Messages produced by SQS listener

SQS listener service listens to notifications sent to AWS SQS (Simple Queue Service) about new files in the S3 bucket. It sends a message with S3 path of the file to [qa|prod]-archive-new Kafka topic for every new file in S3.

As there is only one queue in SQS, we have only one SQS Listener deployed (in production environment) that sends notifications to 2 environments: qa and prod.

Schema version

1 (unofficial)

Description

Messages produced into [qa|prod]-archive-new topic are created by SQS listener for each new object created in S3. These messages have very simple format consisting of just three attributes:

cluster ID
path to S3 object
message ID

Basic format

Messages are stored in JSON format and have to contain three attributes:

cluster_id (string with UUID value) cluster ID
path (string) path to an object stored in AWS S3
sqs_message_id (positive integer) ID of the SQS message

`cluster_id` attribute

Attribute cluster_id uses its canonical textual representation: the 16 octets of a UUID are represented as 32 hexadecimal (base-16) digits, displayed in five groups separated by hyphens, in the form 8-4-4-4-12 for a total of 36 characters (32 hexadecimal characters and 4 hyphens). For more information please look at https://en.wikipedia.org/wiki/Universally_unique_identifier.

An example of UUID:

3ba9b042-b8b8-4714-98e9-17915c2eeb95

`path` attribute

This attribute contains path to object stored in AWS S3. It must be real path with chunks splitted by slash character.

An example of path:

1234567/abcd1234-1234-abcd-5678-1234abcd1234/20200609125740-1234567890abcdef1234567890abcdef

`sqs_message_id` attribute

This attribute contains a positive integer with message ID that can be used to delete message on delivery (in SQS Listener)

An example of message ID:

Attributes extraction

Messages taken from SQS has the following format:

{
    "Messages": [
        {
            "MessageId": "abcd1234-1234-abcd-5678-1234abcd1234",
            "ReceiptHandle": "123",
            "MD5OfBody": "09b5bfe7a082c6f4f24c0e81cafebabe",
            "Body": '{"Records": [{"s3": {"object": {"key": "1234567/abcd1234-1234-abcd-5678-1234abcd1234/20200609125740-1234567890abcdef1234567890abcdef","size": 11805,"eTag": "9876543210abcdef9876543210abcdef","sequencer": "00E5FD87444DFD5752"}}}]}',
            "Attributes": {
                "SenderId": "123456",
                "ApproximateFirstReceiveTimestamp": "1591707477622",
                "ApproximateReceiveCount": "1",
                "SentTimestamp": "1591707468964",
            },
        }
    ],
    "ResponseMetadata": {
        "RequestId": "12345678-aaaa-bbbb-cccc-dddddddddddd",
        "HTTPStatusCode": 200,
        "HTTPHeaders": {
            "x-amzn-requestid": "98765432-1111-2222-3333-1234abcd1234",
            "date": "Tue, 09 Jun 2020 12:51:50 GMT",
            "content-type": "text/xml",
            "content-length": "22437",
        },
        "RetryAttempts": 0,
    },
}

Two sub-nodes are needed to construct a new message:

Messages[0]/ReceiptHandle
Messages[0]/Body

The first sub-node is used to create sqs_message_id.

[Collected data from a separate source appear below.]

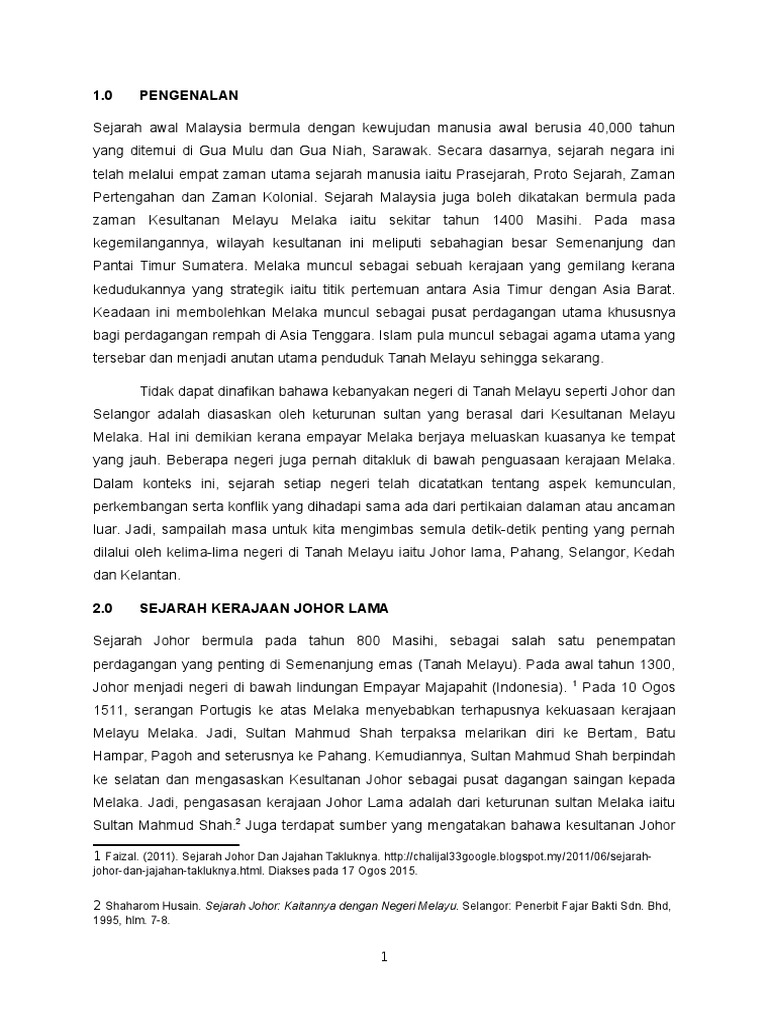 Sjhk 3013 Sejarah Johor Lama Pahang Selangor Kedah Kelantan Docx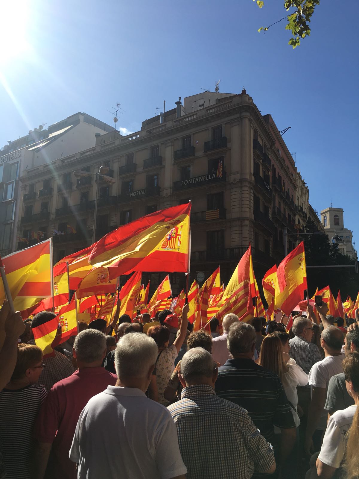 Hubo un detalle en el Ave que iba de Madrid a Barcelona el domingo 8 de octubre temprano. El tren iba lleno de gente con banderas para la manifestación. Parecía que algo había cambiado, que las banderas iban volviéndose sustanciales. Yo estaba por ellas, iba con ellas, me manifestaría junto a ellas, pero algo me incomodaba: la previsión de que se perdería ligereza. Entonces alguien dijo de broma, señalando uno de los televisores del vagón: “¡Que nos pongan el Nodo!”. Y reímos. Nos reímos saludablemente de nosotros mismos. Nos manteníamos en el mismo espacio mental.
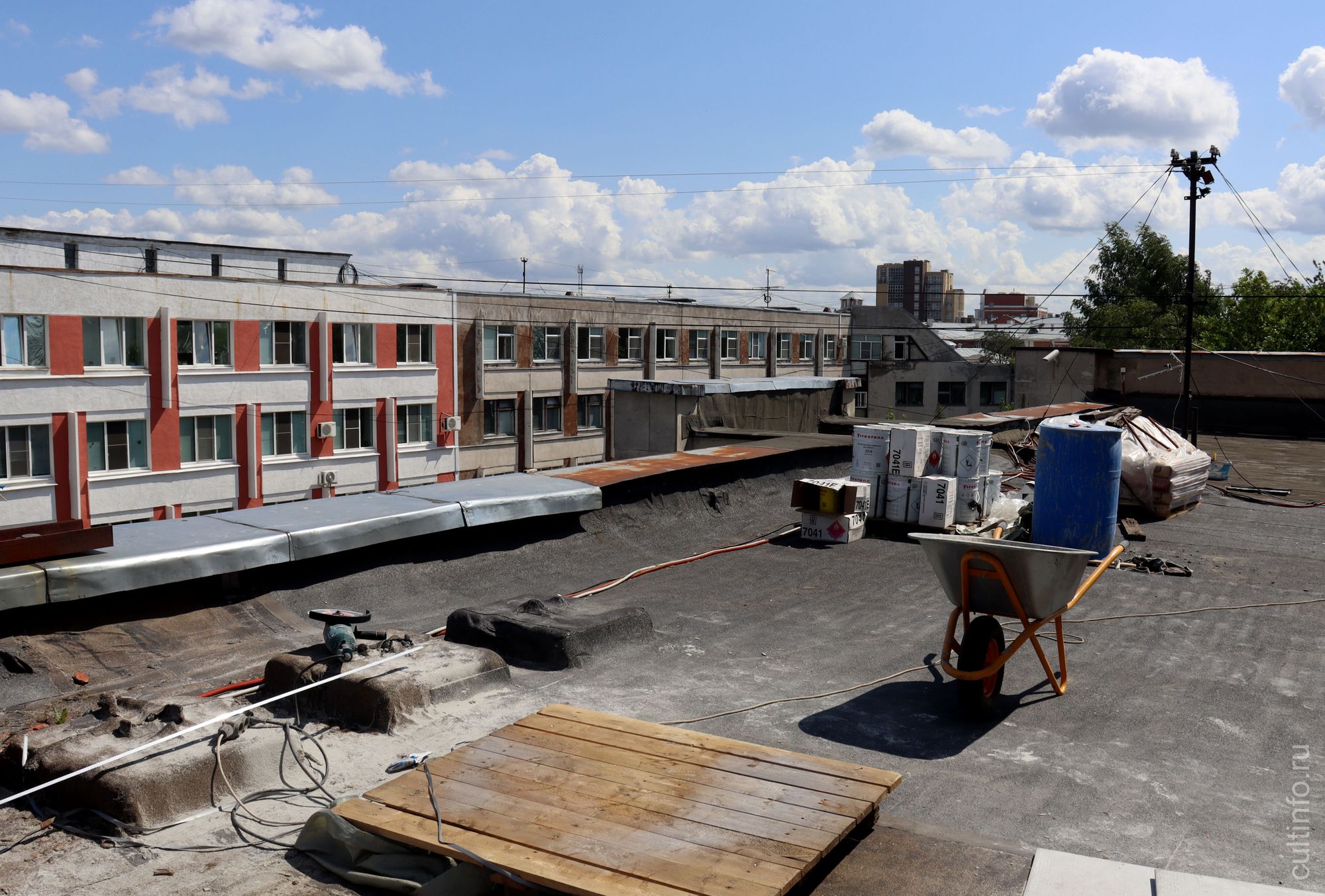 Сейчас на крыше театра начаты масштабные работы. Она будет покрыта прочным современным мембранным материалом, срок эксплуатации которого, как заявляет производитель, достигает 50 лет. Способ монтажа позволяет положить новое покрытие поверх зачищенного старого.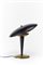 Lampada da tavolo in ottone e alluminio laccato nero. Paralume a calotta...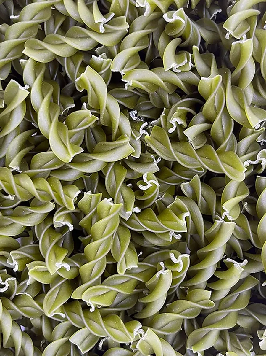 Økologisk, glutenfri pasta fusilli laget på mel av grønne erter.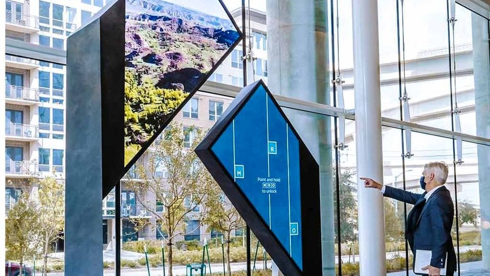 According to Sensory Interactive, the display blends art and motion capture technology that responds to visitors as they move through the space. The art piece, drawing inspiration from crystal shapes found in geology, passively relays foot traffic data, allowing screen content to adjust dynamically. Users can also interact with the piece through gesture tracking to explore Marathon Oil's history, learn about staff, and view a catalogue of content such as branded content, ambient/artistic content, and community content.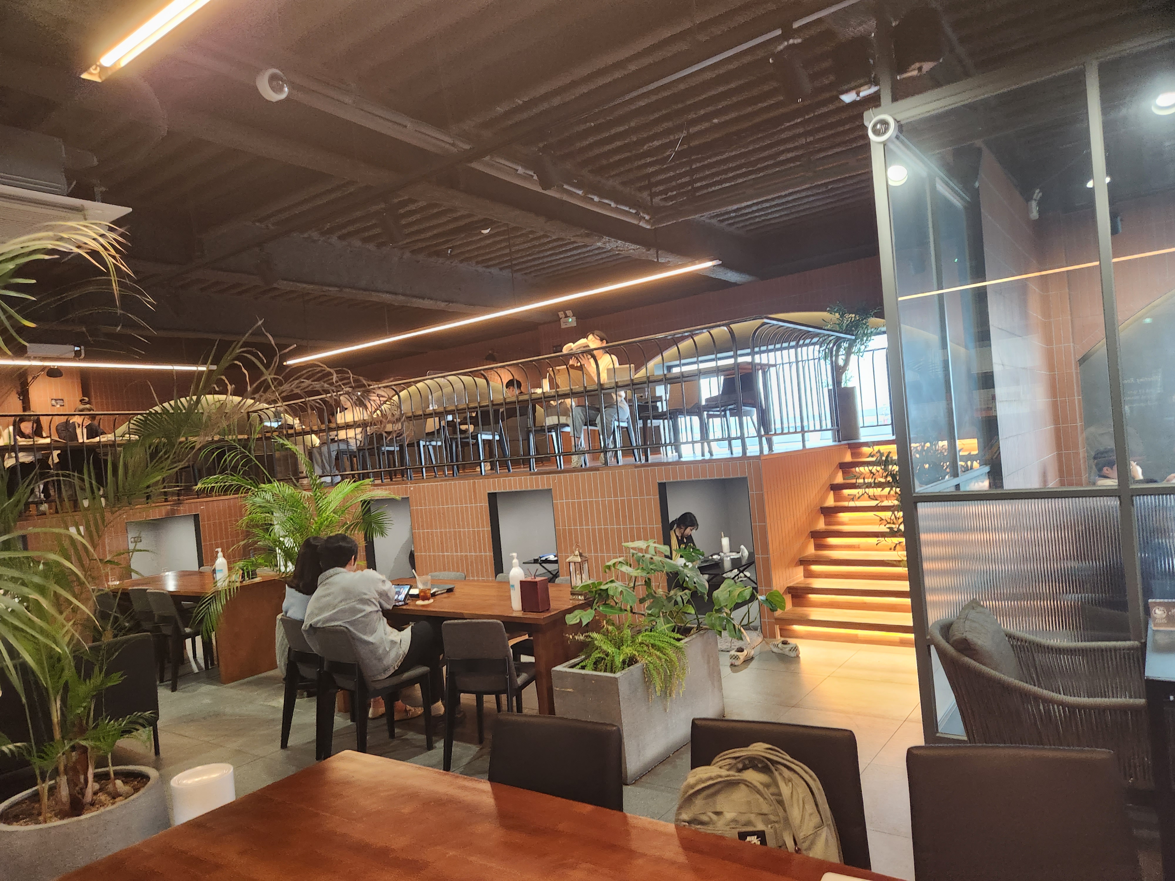 주문을 하고 들어서는데.. 테라스 뷰랑 전체적인 공간의 느낌이.. 호텔 라운지랄까요 꺅~!!

Second sub-node needs to be deserialized from JSON. Deserialized form of Body sub-node looks like:

{
  "Records": [
    {
      "s3": {
        "object": {
          "key": "1234567/abcd1234-1234-abcd-5678-1234abcd1234/20200609125740-1234567890abcdef1234567890abcdef",
          "size": 11805,
          "eTag": "9876543210abcdef9876543210abcdef",
          "sequencer": "00E5FD87444DFD5752"
        }
      }
    }
  ]
}

path is gathered from key sub-sub-node. cluster_id as also recreated from key sub-node by taking the second item from path. For example if the key attribute contains:

1234567/abcd1234-1234-abcd-5678-1234abcd1234/20200609125740-1234567890abcdef1234567890abcdef

cluster_id will be:

abcd1234-1234-abcd-5678-1234abcd1234

Possible enhancements

Not needed at this moment as the schema is super simple.